You will need to create a Kubernetes secret with the cloudflare api key and email address:

kubectl create secret generic cloudflare --from-literal=email='EMAIL' --from-literal=api-key='API_KEY'

And you also need to create the service account (which allows our Deployment access to the Kubernetes API to retrieve nodes). First run (specifically for GKE):

kubectl create clusterrolebinding cluster-admin-binding --clusterrole cluster-admin --user YOUR_EMAIL_ADDRESS_HERE

And then apply:

apiVersion: v1
kind: ServiceAccount
metadata:
  name: kubernetes-cloudflare-sync
---
apiVersion: rbac.authorization.k8s.io/v1
kind: ClusterRole
metadata:
  name: kubernetes-cloudflare-sync
rules:
- apiGroups: [""]
  resources: ["nodes"]
  verbs: ["list", "watch"]
---
apiVersion: rbac.authorization.k8s.io/v1
kind: ClusterRoleBinding
metadata:
  name: kubernetes-cloudflare-sync-viewer
roleRef:
  apiGroup: rbac.authorization.k8s.io
  kind: ClusterRole
  name: kubernetes-cloudflare-sync
subjects:
- kind: ServiceAccount
  name: kubernetes-cloudflare-sync
  namespace: default

RBAC is a bit tedious but hopefully that makes sense. With the config in place and our application running Cloudflare will now be updated anytime one of our nodes change.

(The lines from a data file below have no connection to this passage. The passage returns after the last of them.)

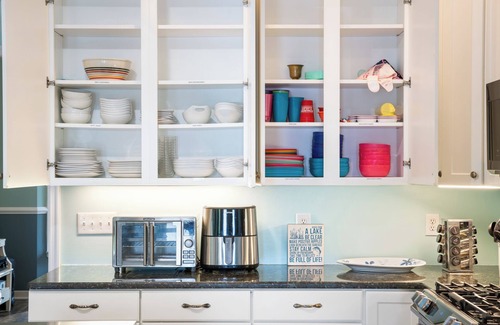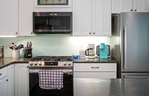 Our fully stocked kitchen includes complimentary coffee and creamers, pots, pans, silverware, and glasses for your convenience. You'll find a BBQ grill with all the necessary tools and propane, along with a smoker for all of your outdoor cooking needs. Additionally, many commonly used cooking oils, spices, and herbs are available, ensuring you have everything you need for culinary adventures.
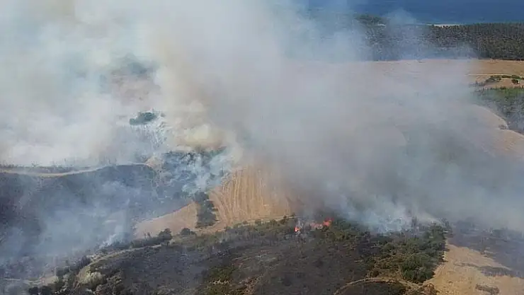 Çanakkale'nin Gelibolu ilçesinde, tarım arazisinden başlayan yangın, kuvvetli rüzgarın etkisiyle ormanlık alana sıçradı.
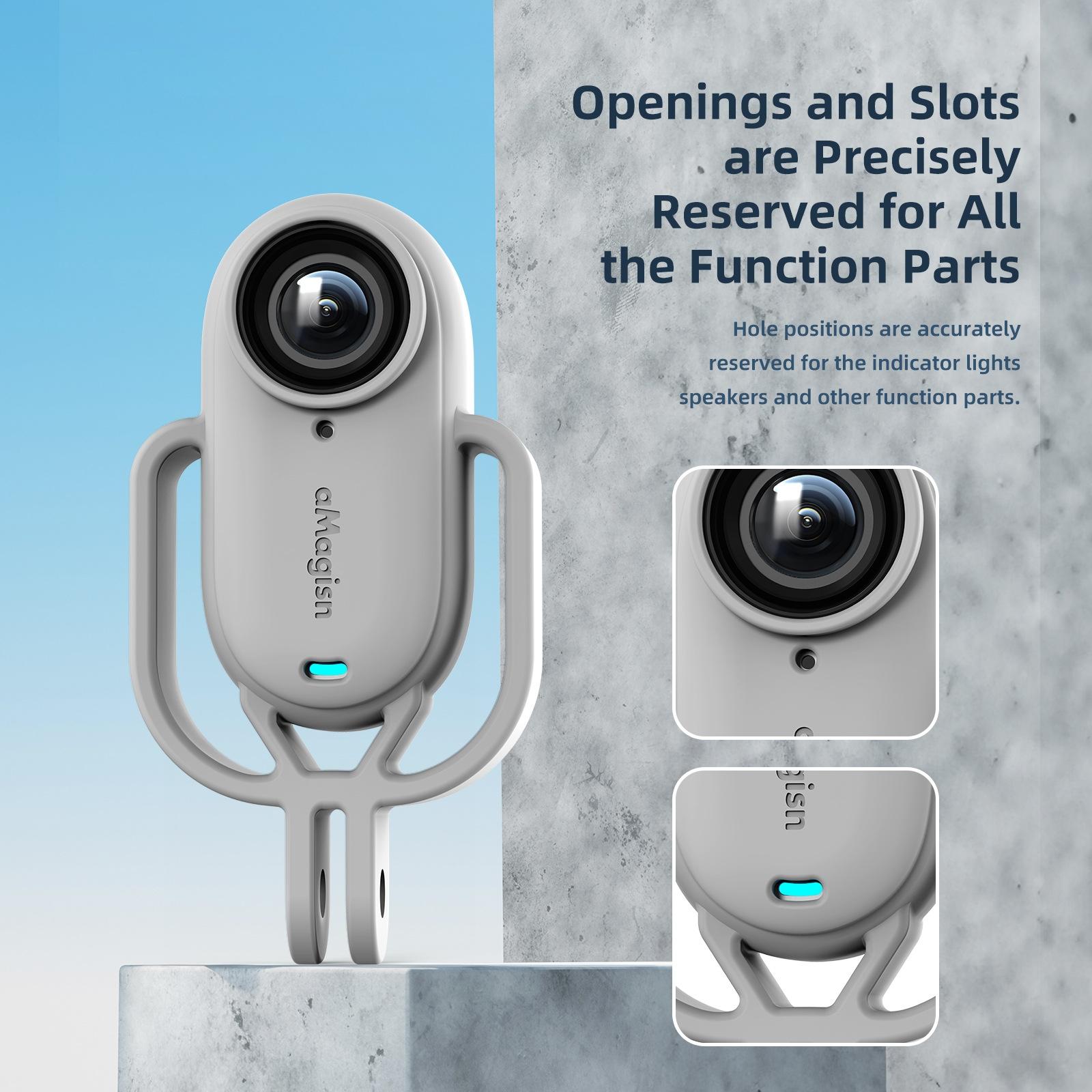 Shock-absorbing Silicone Cover for Insta360 Go 3s Camera – Black – Horizontal Gray

A similar application for GCP Cloud DNS is available from Jasper Kuperus: github.com/jasperkuperus/kubernetes-gcp-dns-sync.

Conclusion

Kubernetes is poised to become the dominant way of managing large deployments. Although there are signficant technical challenges to running Kubernetes at scale, and much of the technology is still in flux, Kubernetes adoption has reached a critical mass and we're likely to see rapid improvements in the next few years.

It's my contention that Kubernetes also makes sense for small deployments and is both easy-to-use and inexpensive today. If you've never tried it, now is as good a time as any to give it a go.